このサービスを考えたのは、飲食店専門のサブスクを手がける会社「favy」です。からあげ専門店や食パン専門店など、全国で2200軒以上の顧客がいます。この会社が目指すのは「飲食店が簡単につぶれない世界をつくる」こと。その方法が常連客を囲い込むことだといいます。

この会社ではサブスクの会員になってもらう際、客の同意を得たうえでメールアドレスや電話番号を把握します。来店履歴をチェックすれば、来なくなった客に向け新しいサービスの提供を考えて来店を促すこともできます。

この会社のマーケティンググループの久野慶太さんは「(店が)常連客を把握しているように思われるが、実は名前や連絡先を知らないことがほとんど。(常連客に)正しく連絡して再来店していただけるような関係構築ができているかどうか、飲食店においてすごく重要」と話しています。

サブスクで1日1杯カクテル提供

新たにサブスクの導入を決めたバーもあります。東京・豊島区にあるバーは緊急事態宣言後、営業時間を夜8時までに短縮。常連客の足が遠のき、1月の売り上げは20年の同じ月に比べ半分に落ち込みました。

この店の売りは、高度な技を生かした創作カクテルです。宣言が解除された後、常連客に戻ってきてもらうため、こうしたカクテルを1日1杯飲めるサブスクを導入しました。
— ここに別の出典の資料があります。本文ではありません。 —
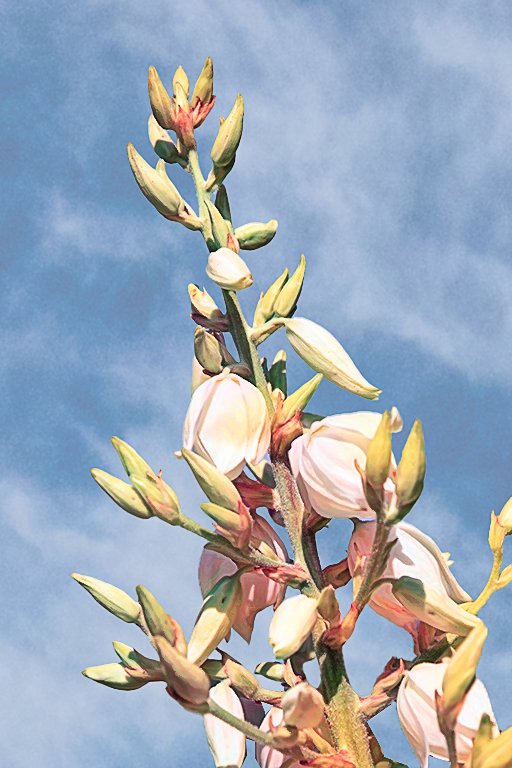 I cut out the flower from the original, using the Object Selection Tool in PS along with some tidying up using the Polygonal Lasso Tool. I used Ctrl J to copy that selection to a new layer. Then I inserted a sky image beneath the isolated flower layer, along with a solid color adjustment layer beneath that. Then I applied the Watercolor Lady preset to only that flower layer.
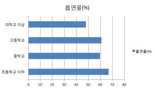 지난해 8월 보건복지부가 발표한 ‘2011년 지역건강통계’에서도 가구당 월평균 소득이 높은 서울 서초구, 강남구, 송파구는 흡연율이 30% 대로 낮았고, 반대로 가구당 소득이 낮은 금천구, 성북구, 종로구 등은 흡연율이 50%에 가까웠다.
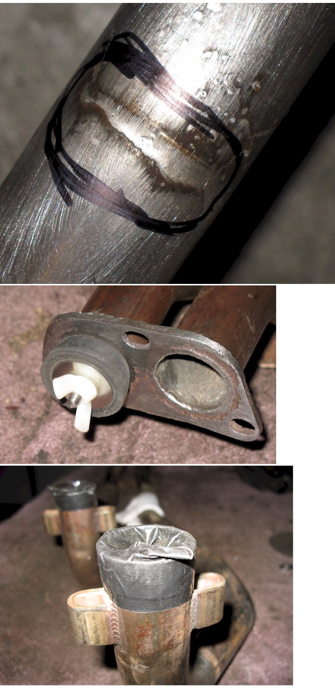 I posted this last year, heating season is here again. These are big cracks, a tiny one you would not be able to hear would still be dangerous. These are not accident damaged. If you have a set on your car, grab the carbon monoxide detector from home and take a ride with the heat on and windows rolled up. There is a detector used in small aircraft also available. The last photo is how we now test for leaks using air pressure. Brad
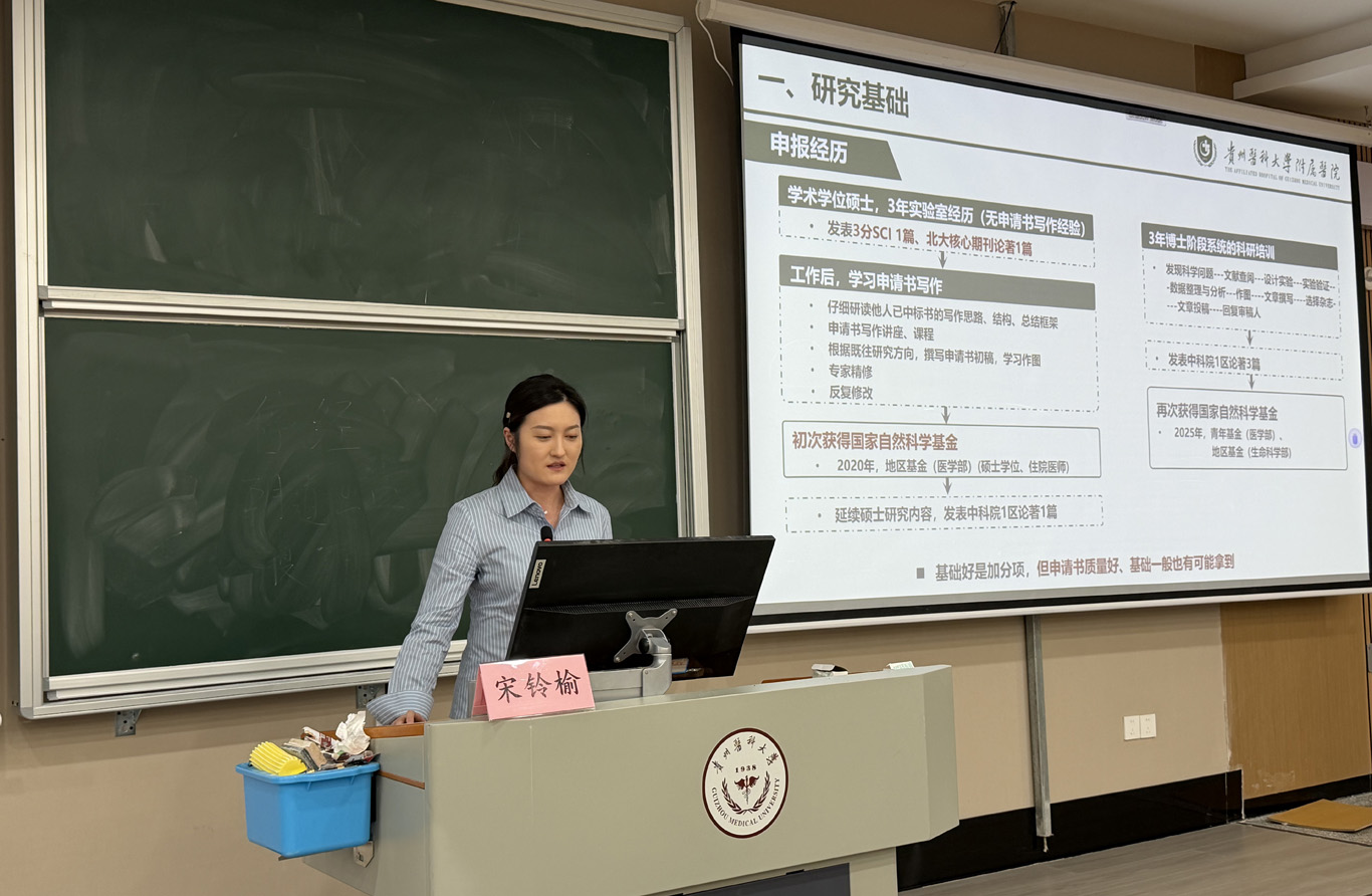 本次活动邀请到在2025年度国家自然科学基金项目申报中同时成功获批青年科学基金项目与地区科学基金项目两项资助的304永利集团登录入口附属医院消化内科宋铃榆博士担任主讲嘉宾。宋博士结合自身成功的申报实践,围绕国家自然科学基金的选题立意、立项依据撰写、研究方案设计、创新性与可行性凝练、前期研究基础积累以及申报书撰写细节与技巧等核心环节,进行了全面系统的解析。她的分享内容翔实、逻辑清晰、见解独到,极具实践指导价值。
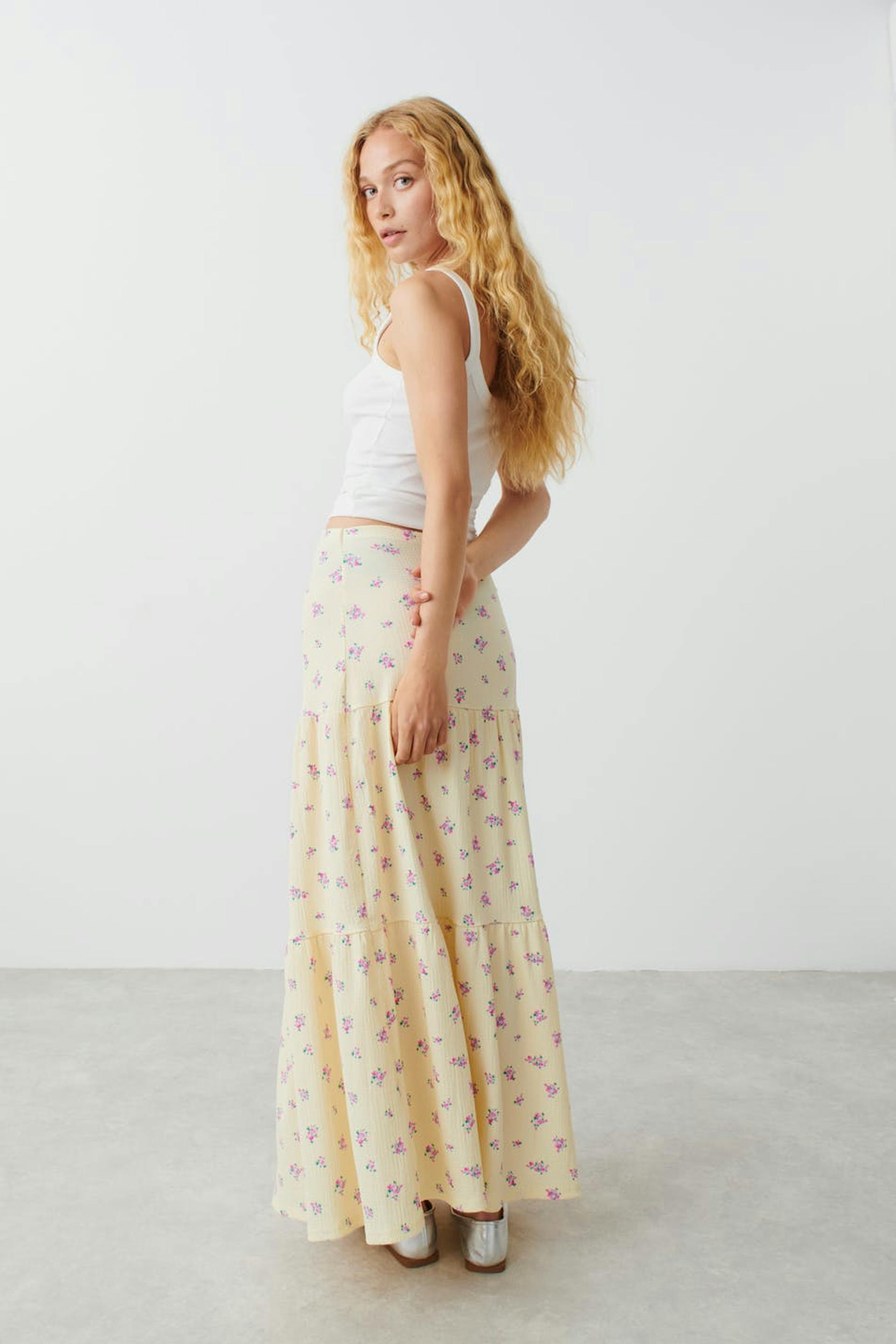 Floral maxi skirt with low waist. The skirt is yellow and has textured material. It has gently flared fit, elastic at the waist and flounced details.
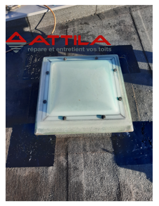 Votre agence ATTILA GRENOBLE intervient lors de la pose de puits de lumière, mais aussi pendant toute sa durée de vie en le maintenant dans des conditions opérationnelles optimales. Lorsque l’étanchéité entre le puits de lumière et la toiture est défectueuse, comme lors de cette intervention en photo, nos Techniciens de Toiture ATTILA la répare ou la remplace.
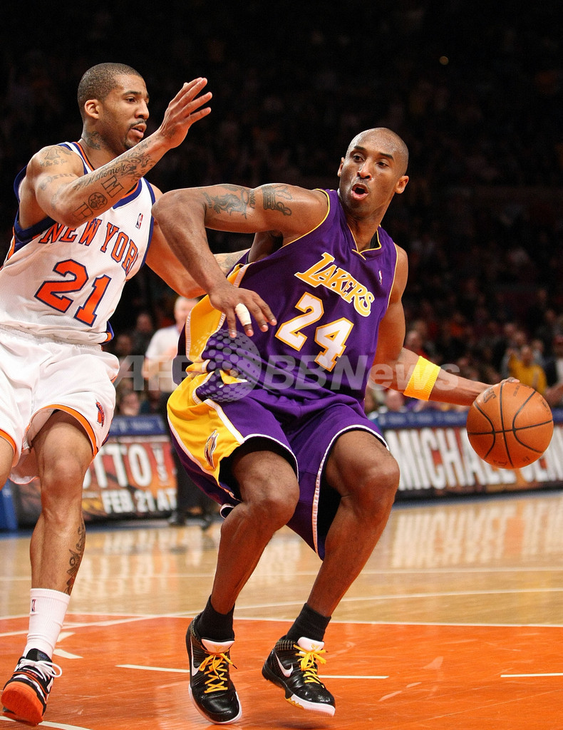 【2月3日AFP】08-09NBA、ニューヨーク・ニックス(New York Knicks)対ロサンゼルス・レイカーズ(Los Angeles Lakers)。試合はコービー・ブライアント(Kobe Bryant)が61得点を記録し、レイカーズが126-117で勝利し、3連勝を飾った。

この店を運営する「UPSTART TOKYO」の島川拓也統括マネージャーは「お客様の情報をうまく取り入れて、うちのお客様にフィットしたサービス・商品を提供できたら」と話しています。

コロナ前に定期的に行っていたお店があると、今もやっぱりその店に行きたい気持ちって、ありますよね。そういった客をしっかり囲い込むということなんですね。

飲食店でサブスクをやろうとすると、どの商品を対象にするか、月額か年額かなど、結構ノウハウが必要だそうです。それでもコロナ後をにらめば、手に入れた顧客データが大きな価値を持ってきそうです。